Eshar David, Wyre Nicole R, Griessmayr Pascale, Durham Amy, Hoots Eric
Department of Clinical Studies, School of Veterinary Medicine, University of Pennsylvania, Philadelphia, PA 19104, USA.
J Am Vet Med Assoc. 2010 Aug 15;237(4):407-14. doi: 10.2460/javma.237.4.407.
A 6-year-old 0.82-kg (1.8-lb) spayed female domestic ferret was evaluated because of a 1-month history of decreased activity that had progressively worsened over the past week. The ferret had previously been determined to have adrenocortical disease and was undergoing medical management for the associated clinical signs.
Physical examination revealed lameness of the right hind limb with evidence of pain elicited during palpation of the right femur. Results of a CBC suggested mild anemia, and those of a serum biochemical analysis indicated a high blood glucose concentration. Radiography of the limb revealed extensive lysis of the right femur. Cytologic evaluation of a fine-needle aspirate of the bone lesion revealed a dominant plasma cell component. Plasma cell neoplasia was suspected on the basis of these findings.

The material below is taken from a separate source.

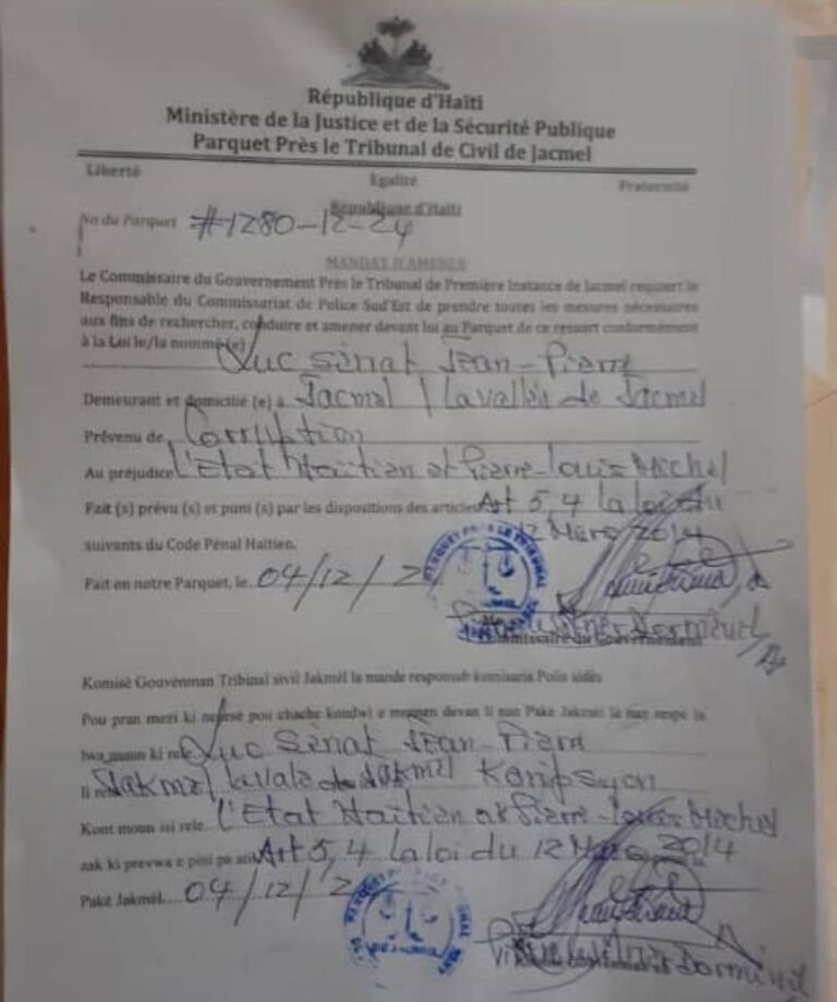 Le commissaire du gouvernement près le Tribunal de première instance de Jacmel a émis un mandat d'amener à l'encontre de...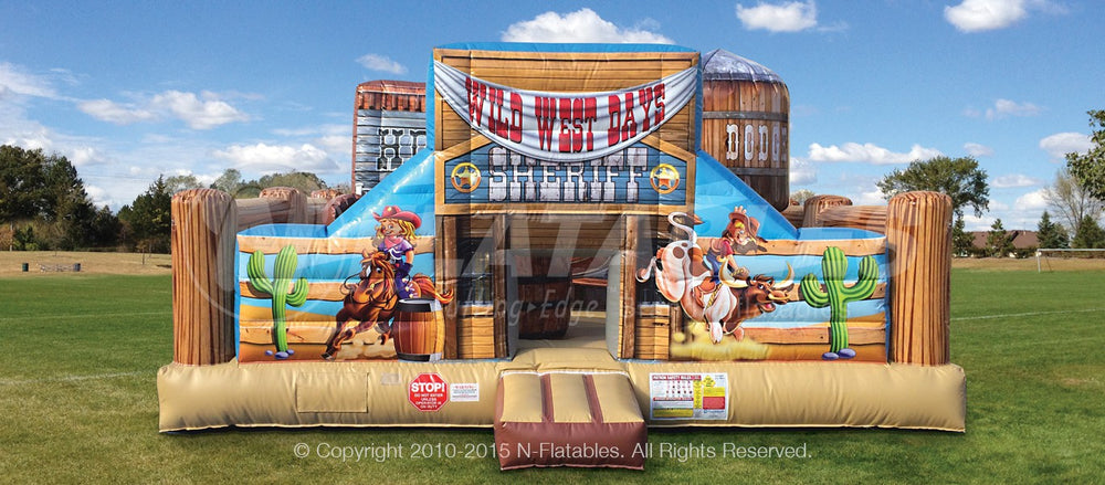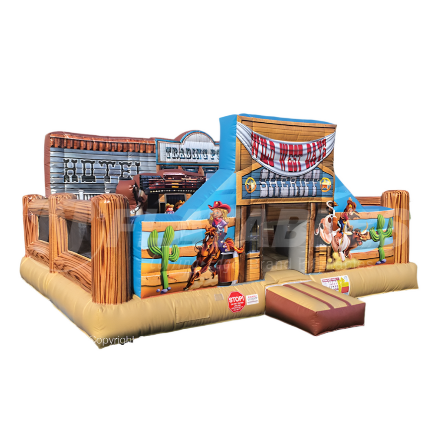 This western themed playland is perfect for the littlest of patrons and easily fits into a corner. It features dazzling digital print both inside and out, kid-friendly obstacles, a tractor climb & slide, and plenty of room for bouncing! This unit has room for 8 kids and only takes up a small footprint of 16'x19'.

Radical right hind limb amputation with mid to caudal hemipelvectomy was performed. Histologic evaluation of the lesion allowed a diagnosis of lymphoma with plasmablastic features, and immunohistochemical testing revealed a few CD79alpha-positive neoplastic cells and rare BLA36-positive cells. Adjunctive antineoplastic treatment with systemically administered multidrug chemotherapy was initiated. Six months after surgery, the ferret was reevaluated, and chemotherapy was discontinued when results of clinicopathologic tests, whole body survey radiography, and abdominal ultrasonography suggested no recurrence of the disease.
The ferret appeared to cope well with radical hind limb amputation, and the chemotherapeutic protocol used was easy to administer. This treatment approach might lead to better owner and patient compliance in other cases of lymphoma in ferrets.